Carl Jung often commented on the ailments of modern man and called for a return to a world with greater meaning and value for the individual. “Through scientific understanding, our world has become dehumanized. Man feels himself isolated in the cosmos. He is no longer involved in nature and has lost his emotional participation in natural events, which had a symbolic meaning for him.” In many ways, Jung could perceive the trajectory that the U.S. has been racing towards, which is a world of increased automation, lacking meaning, and detached from the natural world. The majority of us still remind blind to these simple truths, because we are immersed in this way of life and may feel we have no choice but to travel along with the current. As with any person existing in any given time, we are influenced by the biases and prejudices of culture, economy, and expediency. Jung also wrote about the life (eros) and death (thanatos) instincts, as well as the absence of myth and meaning in modern life, which has led to an inner division or fragmentation.


Perhaps now more than ever, it is time to take an honest look at ourselves and discover who we are, where we have been, and where we are going. Our culture is as much a reflection of the individual as the individual is a reflection of that culture. A collective and global confrontation with death is perhaps one of the most powerful ways to awaken us!

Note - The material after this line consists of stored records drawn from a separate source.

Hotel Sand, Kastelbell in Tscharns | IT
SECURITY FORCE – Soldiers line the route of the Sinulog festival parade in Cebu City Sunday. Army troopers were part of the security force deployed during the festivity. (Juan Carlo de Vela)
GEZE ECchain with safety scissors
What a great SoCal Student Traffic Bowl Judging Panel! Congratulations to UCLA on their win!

"Our intellect has created a new world that dominates nature, and has populated it with monstrous machines. The latter are so indubitably useful and so much needed that we cannot see even a possibility of getting rid of them or of our odious subservience to them. Man is bound to follow the exploits of his scientific and inventive mind and to admire himself for his splendid achievements. At the same time, he cannot help admitting that his genius shows an uncanny tendency to invent things that become more and more dangerous…In spite of our proud domination of nature we are still her victims as much as ever and have not even learnt to control our own nature, which slowly and inevitable courts disaster." (Jung, 2002, p.122).


References:

Hall, E. (1981). The silent language. New York, NY: Anchor Books

Jung, C. G. (1966). The psychology of the transference (R. F. C. Hull, Trans.). In H. Read et al. (Eds.), The collected works of C. G. Jung (Vol. 16, pp. 163-323). Princeton, NJ: Princeton University Press. (Original work published 1946)

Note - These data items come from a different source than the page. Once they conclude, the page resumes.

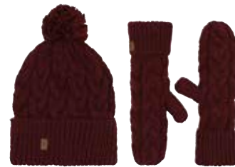
• Bordeaux •
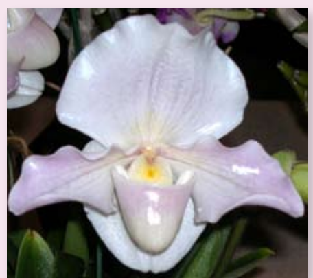
Paph. (Inca Brass X Freckles) - Ernie Drohan
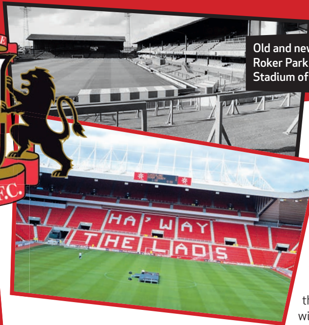
Old and new: Roker Park and the Stadium of Light
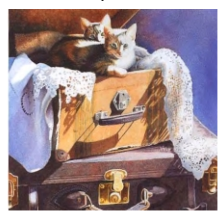
Cats on a suitcase.

Many of my clients are unable to explain even the most basic facts. Often they must take the witness stand, and no matter how many times we have gone over the testimony in advance, I can be
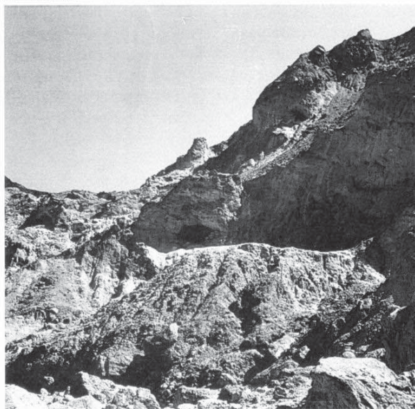
Fig. 2. Mining waste heap, behind it mineworking, later used as habitation.

Site 38 is a very large mining complex which has been worked by inclined galleries and vertical shafts, and later
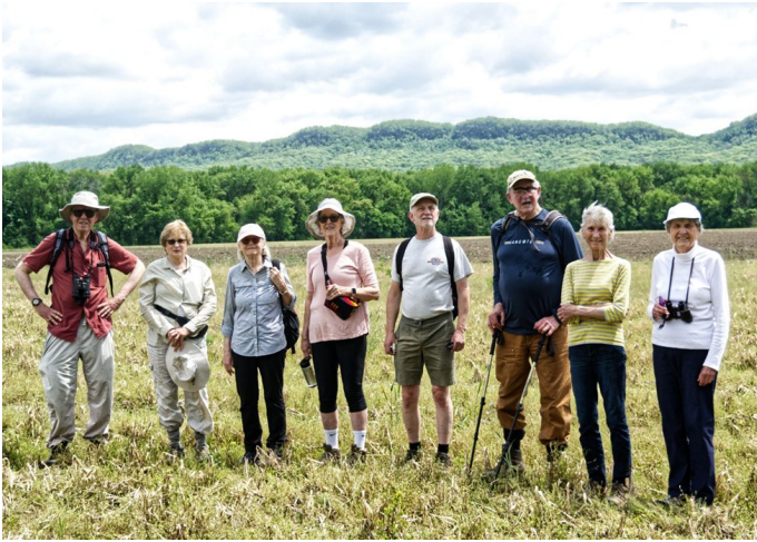
Westhampton COA Hikers at the Northampton Meadows on May 17

So far this past month we've seen the eagle chicks at Arcadia and explored the Northampton Meadows along the Connecticut River. And we've several more new hikes up our sleeves for July and the coming months – as well as plans to revisit some popular previous hikes. So if you enjoy hiking with a great group of people, come join us in our hikes in and around Westhampton by subscribing to our group email list at westhamptoncoahikers@comcast.net . Please note that all group emails are sent as blind copies (BCC) for your safety and privacy.
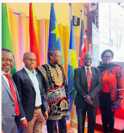
LVBC team with Dr PLO Lumumba at the 7th Nile Basin Development Forum 2023 in Munityono, Uganda.
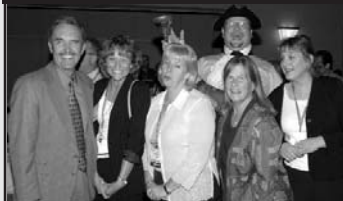
2004 President's Reception, Boston, MA

Greet your AHRA friends and meet new ones at the annual event. Dress is business attire.
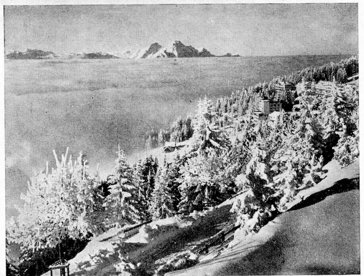
An excursion into the brilliant winter sunshine of the Righi has always been an unforgettable experience for the «Home» guests.

Please write to the Secretary of the «Home» for Swiss nationals living abroad at Dürrenäsch (Aargau/Switzerland) and ask—free of charge and without obligation—for application forms with conditions of admission, etc., or contact your Consulate or your Swiss Club.
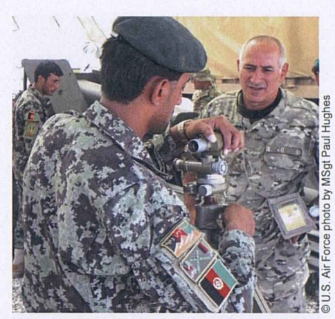
A Georgian soldier observes an Afghan National Army soldier assemble an artillery tool at Camp Hero in Kandahar, Afghanistan, in July 2011.

NATO seeks to ensure that non-NATO troop contributors to its operations are involved in political consultations and decision-making, in operational planning and in command arrangements. As a troop contributor, Georgia regularly participates in high-level meetings between Allies and non-NATO troop contributors, and its personnel have access to the briefing and planning facilities of the International Coordination Centre at Allied Command Operations.
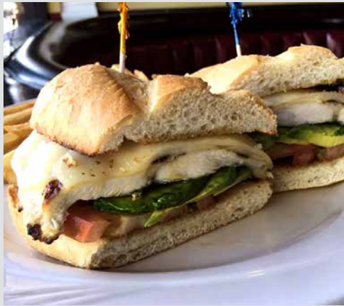
California Chicken Broiled (8oz) Chicken Breast topped with Jack Cheese, and Avocado on a French Roll 15.00

Served with Lettuce, Tomato, Pickle And Onions. With Choice of French Fries, Potato Salad, Green Salad, Cup of Soup, Fresh Fruit or Cole Slaw.
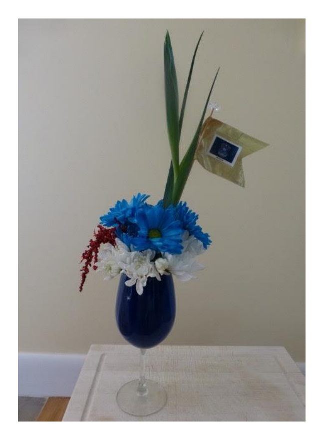
Flag Day at Brightview Wellspring
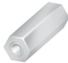
R30-101 Brass, Hexagonal M3, 5.5mm A/F
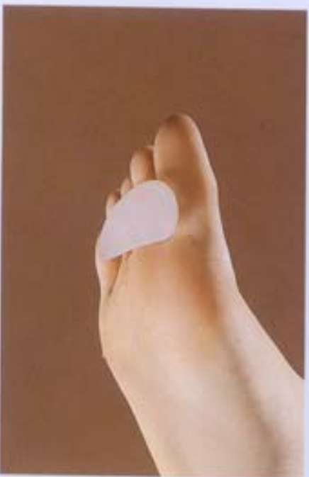
HFOS520-000 Silicone Hammer Toe Crest, Right and Left Size: S(3), M(5), L(7) Color: Transparent (Z) Packing: 1 pair/Box 320 Boxes/Carton
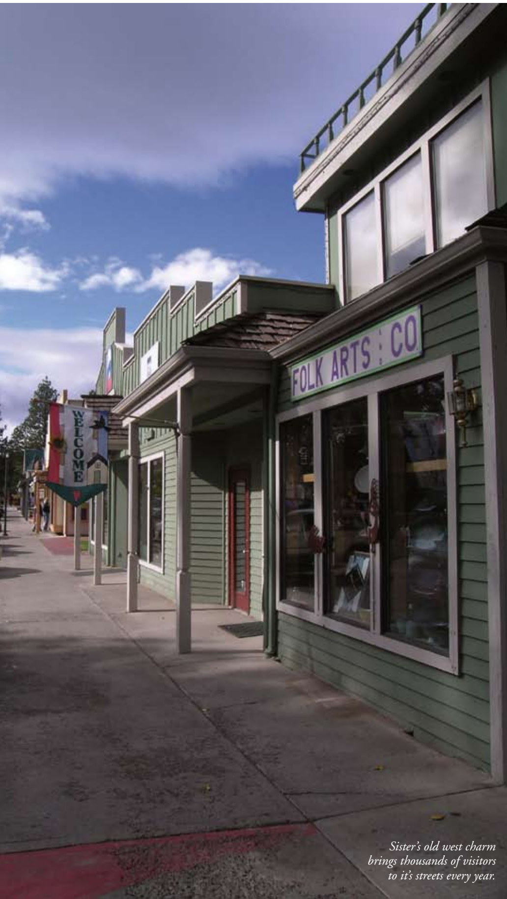
Sister's old west charm brings thousands of visitors to its streets every year.

Jung, C.G., Sabini, Meredith (2002). The Earth Has a Soul: C.G. Jung on Nature, Technology & Modern Life. Berkeley, CA: North Atlantic Books.

Kalsched, D. (2013). Trauma and the soul: A psycho-spiritual approach to human development and its interruption. Hove, England: Routledge.

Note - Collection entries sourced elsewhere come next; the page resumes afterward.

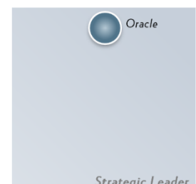
Oracle position within the 9-Grid™ Zone

For more information see the Fosway 9-Grid™ Trajectory Guide on our website.
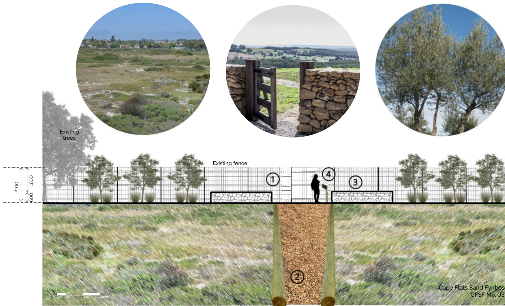
Plan Section 03 Symbolic entrance on south boundary

FILE PATH F:\Assets\Tygerberg Campus\Grounds\SL_Landscape Architect\Tygerberg.pln
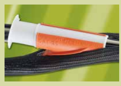
Wrappable Sleeving Tool This tool simplifies applying our GRP-130 and GRP-130NF sleeves.

Alpha heat guns are the perfect complement to FIT tubing, making it easy to apply the tubing quickly and efficiently.
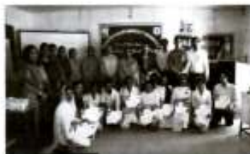
College organizes an inter collegiate quiz competition on 5.11.2019 on Life and preachings of Gurus nanak Dev ji
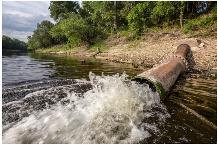
In Live Oak, Florida, wastewater pours from a Pilgrim's Pride meat processing plant into the Suwannee River

In this case, Environment America and the Sierra Club filed their lawsuit against Pilgrim's Pride Live Oak, a Florida-based chicken processing plant that already had a history of citations from environmental regulators for wastewater violations. The groups alleged that since 2012, the company had violated the Clean Water Act on 1,377 days, and that discharged wastewater had as much as tripled legal pollution limits.
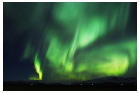
crispy cold and very still evenings.

You will be met this morning by an Iceland Travel tour guide and taken to a local restaurant, Vitinn, for breakfast . Then, it's on to the Blue Lagoon for a soak in the relaxing, restorative aquamarine waters. This morning enjoy a visit to the famous Blue Lagoon. The Lagoon is a unique wonder of nature, a lagoon with pleasantly warm mineral-rich geothermal water in the middle of a black lava field. The high natural levels of silica and minerals give the Lagoon its rich blue color. A visit to the Blue Lagoon is both invigorating and exciting, whether one bathes there surrounded by snow in the middle of the winter or in the long summer daylight. You will be transferred to your hotel, the Northern Light Inn, just a few minutes up the road from the Blue Lagoon. Check-in, settle into your rooms, and have a short rest before enjoying a group dinner in the cozy restaurant. (Lunch on your own)
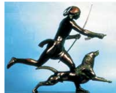
Taming the dog

Some animals like dogs ate the leftovers and were friendly to men, women and children. They played with these animals. These animals also followed them when they moved to another places. The first animal to be tamed was the wild ancestor of the dog. Later, people encouraged animals that were relatively gentle, to come near the camps where they lived. These animals such as sheep, goats, cattle and pigs lived and moved in large groups and most of them ate grass. People suckled their milk without being resisted. Often, people protected these animals from attacks by other wild animals like wolves. This is how early people became herders .

Killsback, L. (2013). Indigenous perceptions of time: Decolonizing theory, world history, and the fates of human societies. American Indian Culture and Research Journal, 37(1), 127-155.

Kipnis, A. (2013). The Midas Complex: How Money Drives Us Crazy and What We Can Do About It. Los Angeles, CA: Indigo Phoenix Books.

Krishnamurti, J. (1969). Freedom from the known. New York, NY: HarperCollins.

Krishnamurti, J., & Bohm, D. (1985). The ending of time. New York, NY: HarperCollins

Patton, J. (1993, November). Time and technology in Native American Indian literature. Paper presented at the Annual Meeting of the National Council of Teachers of English, Pittsburg, PA.

Peat, D. (1987). Synchronicity: The bridge between matter and mind. New York, NY: Bantam Books.

Rifkin, J. (1987). Time wars: The primary conflict in human history. New York, NY: Touchstone.